What drives physician compensation? The answer was a relatively simple equation for years: total practice revenue minus total practice expenses.
This calculation can still be used for a physician-owned medical group, since the practice functions as a closed financial entity and the amount available to pay the physician-owners is limited to the practice’s ability to generate profits. But these traditional market drivers are evolving now that more physicians are employed by hospitals.
Hospital-owned practices function very differently from their physician-owned peers. A practice that is part of a larger health system can draw on the resources of its parent organization for common expenses such as utilities, executive management, contracting or information technology. A hospital-owned practice can also draw on its health system to subsidize unique practice expenses such as physician compensation.
Hospital-owned practices are not constrained by internal financial performance; however, they do have to comply with complex legal and regulatory rules that affect physician pay. In general, hospital-owned practices determine a target amount based on multiple national physician compensation surveys and apply a productivity-based compensation formula aligned with productivity goals to determine target compensation, rewarding high producers with greater compensation while penalizing doctors with lower productivity.
Examining the multiyear data available in MGMA DataDive Provider Compensation, the trends in compensation for physician- and hospital-owned practices vary, depending on the outcome of different economic drivers.
Figure 1 and Figure 2 provide insights into those compensation changes. Figure 1 shows median compensation in 2013 and 2017 and the five-year change in compensation for six specialties. As shown in the five-year trend section, compensation in hospital-owned practices increased at a much greater rate (and in some specialties, at a rate three to four times greater) than in physician-owned practices.
The slow growth in physician-owned practices reflects the general economic stagnation of government and commercial payers limiting increases in payment, while operating costs continue to increase. Since these practices are self-supporting financially, increases in physician compensation are generally earned through increased productivity and introducing new service lines, but the increases are self-limited. Hospital-based practices do not have the same restraints when competing with other hospitals in their markets. As a result, hospitals have an option to “bid up” physician compensation to recruit new doctors and to stay competitive with the competition.

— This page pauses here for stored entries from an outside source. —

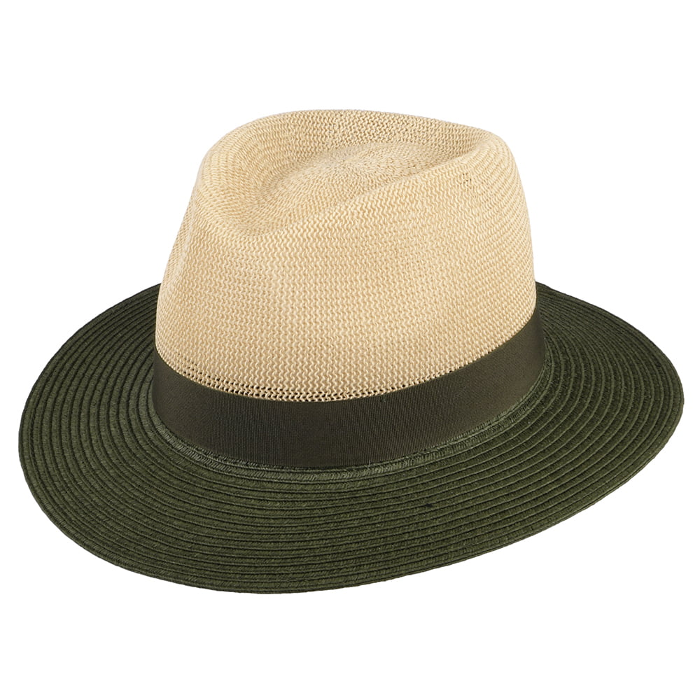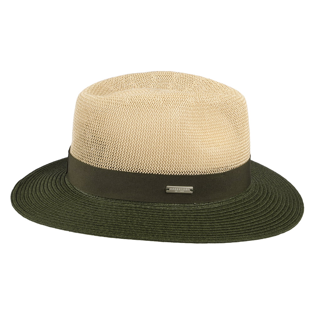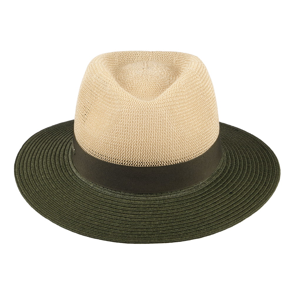 Chapeau Fedora en Paille Toyo Bicolore naturel-olive SEEBERGER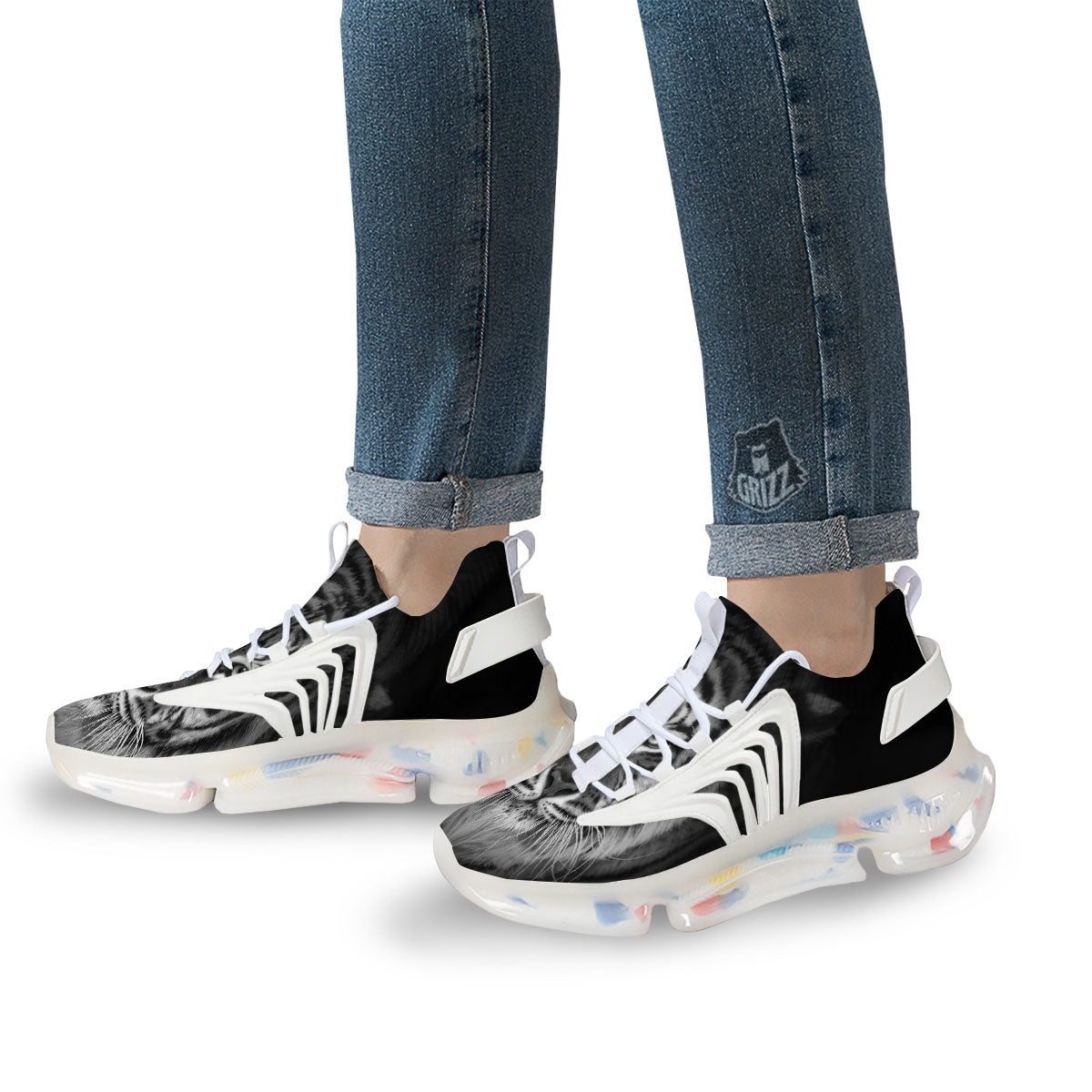 White Bengal Tiger Monochrome Print White Gym Shoes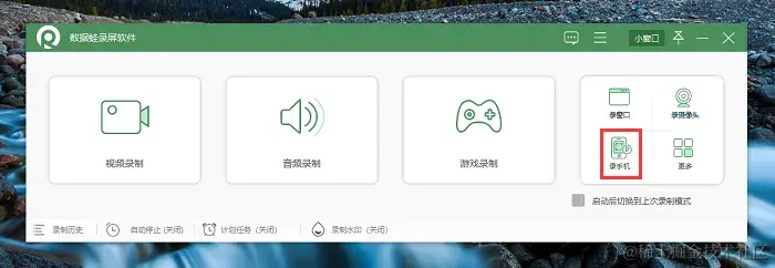 第1步:点击电脑桌面上的“数据蛙录屏软件”图标,打开它,在页面可以看见多种录制模式,如游戏录制、手机录制、音频录制等,我们选择 “录手机” 。
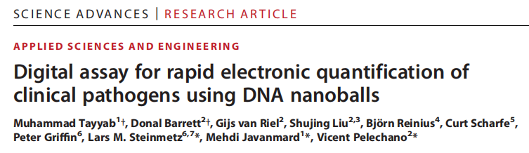 通过测量阻抗变化进行电化学检测DNA扩增是一个无标记替代荧光和比色技术。基于阻抗的生物传感器已广泛用于各种分析物,包括具有高灵敏度的蛋白质、核酸和癌细胞。此外,由于近几十年来的技术进步,电子元件经历了快速的小型化,大量减少的体积输入要求进一步提高了即时检测(POC)的可能性。 近日,一组由美国、中国、瑞典等多所顶尖大学研究团队在Science Advances杂志上发表了一篇题为“Digital assay for rapid electronic quantification of clinical pathogens using DNA nanoballs”的文章。在文章中,作者开发了一种简化的one-pot核酸等温扩增方法,可以通过电阻抗的变化来检测,而不需要微珠作为外部成核剂。作者改进了RT-LAMP反应,使扩增的DNA自核成纳米球,在微流体通道中,被动流动通过两个检测电极,在阻抗信号中产生量化尖峰。作者将其应用于SARS-CoV-2的检测,检测到的尖峰的数量与扩增DNA的数量相对应,因此病毒浓度更高。还展示了多种DNA和RNA致病序列的检测,包括来自各种病毒和细菌病原体序列,包括HIV、流感、结核分枝杆菌和β-内酰胺酶。这种技术为一种新的、简单的基于阻抗的多病原体POC核酸检测系统铺平了道路。 图片来源:Science Advances 自组装DNA纳米球 为了简化基于阻抗的DNA检测,作者开发了一种能够在一锅反应中生成DNA纳米球的分子方法,并且不需要外部成核剂。受先前滚动圈扩增(RCA)工作的启发,作者改进了LAMP反应,设计标准的六个目标特异性LAMP引物和两个额外的compaction引物,使扩增的DNA自核成纳米球,且纳米球的产生与等温DNA扩增平行(下图A)。当使用SARS-CoV-2 RNA测试此RT-LAMP反应时,可以在荧光显微镜下观察到自组装紧凑的DNA纳米球,直径从1到2 μm(下图B和C)。 DNA纳米球的自组装。图片来源:Science Advances 微流控装置中的阻抗检测 作者将简单的微流控芯片放在带有金电极的玻璃基板上(下图A和B)。微流控芯片采用毛细管作用驱动的被动流动,从而消除了复杂的微流控管和泵的需要。这种简单的被动流动使DNA纳米球通过的金电极上方的通道(下图D)并连接到电子读出系统。当纳米球通过金电极时,它会阻塞两个电极之间的电流路径和电场。这会产生阻抗的变化,从而在读出系统的输出处产生类似于图C至E所示的峰值特征。接下来,作者尝试改变compaction引物相对于LF和LB引物的浓度。结果显示使用更高比例的compaction引物 (9:1)产生更高的DNA纳米球数量(平均10分钟>100个),因此在接下来的实验中都使用了这个比例。 基于阻抗检测DNA纳米球的微流控芯片。 图片来源:Science Advances 检测限 研究团队以合成RNA为模板进行了梯度稀释实验,探索了该方法的检出限(LOD)。结果显示,即使是最低浓度的合成RNA测试(10拷贝RNA)也很容易与阴性对照区分开(下图A)。作者还在不同的时间间隔(5分钟、3分钟、60秒和30秒),测试了缩短电检测时间对LOD的影响。结果显示,即使在30秒,检测到的纳米球数量分布与初始合成RNA的浓度密切相关,并且在阴性对照组之间表现出统计学上的显著差异(下图B)。 检测限的分析。图片来源:Science Advances 三重复compaction引物设计导至信号增强 为了进一步提高系统的DNA检测能力,作者采用了几种策略。首先尝试增加DNA纳米球的大小或改变其电性能可能会增加信噪比,从而提高可探测性。为了增加DNA纳米球的大小,作者在compaction引物中添加一个额外的共同序列拷贝可能会增强LAMP扩增子压缩和形成纳米球的能力。结果证实了作者的推断,三重复compaction引物设计大大增加了检测到的平均DNA纳米球数量,从使用两重复compaction引物时的大约2000个增加到接近3000个(下图B)。 DNA纳米球检测实验方案的优化。 图片来源:Science Advances 临床样本中SARS-CoV-2的阻抗检测 为了测试此方法的适用性,接下来将其应用于检测来自临床诊断测试的上呼吸道拭子样本中的SARS-COV-2。随机选择了5个不同病毒载量的样本,通过RT-qPCR测量:低病毒载量(Ct 26-27),中病毒载量(Ct 22-24)和高病毒载量(Ct 17-20),并使用此纳米球方法进行检测。结果(下图A)证明了基于阻抗的检测在非提取的热灭活样品中检测临床相关病毒水平的能力,且病毒载量与检测到的DNA纳米球数量之间存在很强的关系。在Ct值(27到17)范围内检测到1000到2000个DNA纳米球。更重要的是,从SARS-COV-2阴性患者中检测到的阻抗峰值水平较低,尽管这些样本中的材料(咽拭子、鼻拭子和唾液)基质很复杂。 对COVID-19患者进行临床样本检测。 图片来源:Science Advances 利用DNA纳米球灵活检测病原体 为了证明此检测的灵活性和易用性,作者设计了针对多种病原体的LAMP三重复compaction引物,其中包括抗结核分枝杆菌、艾滋病毒、流感A/H1N1,以及一种常见的产生抗微生物药物耐药性的β-内酰胺酶基因。如下图B所示,使用所选病原体的合成遗传物质进行RT-LAMP(或LAMP)反应时成功检测到DNA纳米球。所有目标检测到的峰值均接近1000个,与阴性对照显著不同。这证明了将任何LAMP反应与基于阻抗的检测相结合的策略相适应的便利性。 对多种病原体序列进行临床样本检测。 图片来源:Science Advances 总结与讨论 研究团队提出了一种结合一锅等温生成DNA纳米球和电阻抗检测的新方法。通过使用compaction引物来改进环介导的等温扩增,扩增的靶标可以自组装成纳米球。接下来使用毛细管驱动的流动被动地让这些纳米球通过两个检测电极,在阻抗信号中产生量化尖峰。这种

An even more interesting view of how compensation has changed is displayed in Figure 2, which shows how five years ago compensation in hospital-owned practices was generally slightly less than the compensation of doctors who owned their practices. Five years ago, the strategy for hospitals was to base physician compensation targets on an aggregate of published survey data. Since survey data covers the previous year, and the hospital was generally projecting its target for its next fiscal year, compensation levels lagged behind what private practice doctors earned. The lag is mirrored in the payment levels being lower than 100%.
There were several exceptions to this observed lag, even five years ago. Several years earlier, cardiology underwent significant changes in how government payers compensated cardiology imaging and related ancillary services in doctor’s offices. These changes were responsible for reducing the amount paid to doctor-owned practices under Medicare Part B compared to hospital-owned practices, which had different payment rules. Consequently, many hospitals entered a strategy of acquiring cardiology practices, paying their newly employed cardiologists competitive salaries and reaping the financial benefit of providing the cardiology ancillary services in another part of their system. A similar situation existed in urology: Many health systems created specialized departments and either acquired urology practices or recruited doctors, thereby increasing the demand for urologists and driving up market compensation levels.
As Figure 2 shows, in 2017, hospitals paid higher compensation than private-practice physicians earned. While observed in many specialties, the premium has not yet occurred in family practice without OB, probably due to the large number of physicians in the specialty and the relative ease of recruiting compared to the other specialties.
The economic environment for physicians is complex. As more physicians are employed by health systems, the economic dynamics driving physician compensation will become even more complicated. Where once private practices drove compensation levels, now it’s health systems with their ability to apply unrestrained resources to recruit and retain providers that seem to be the force affecting the market.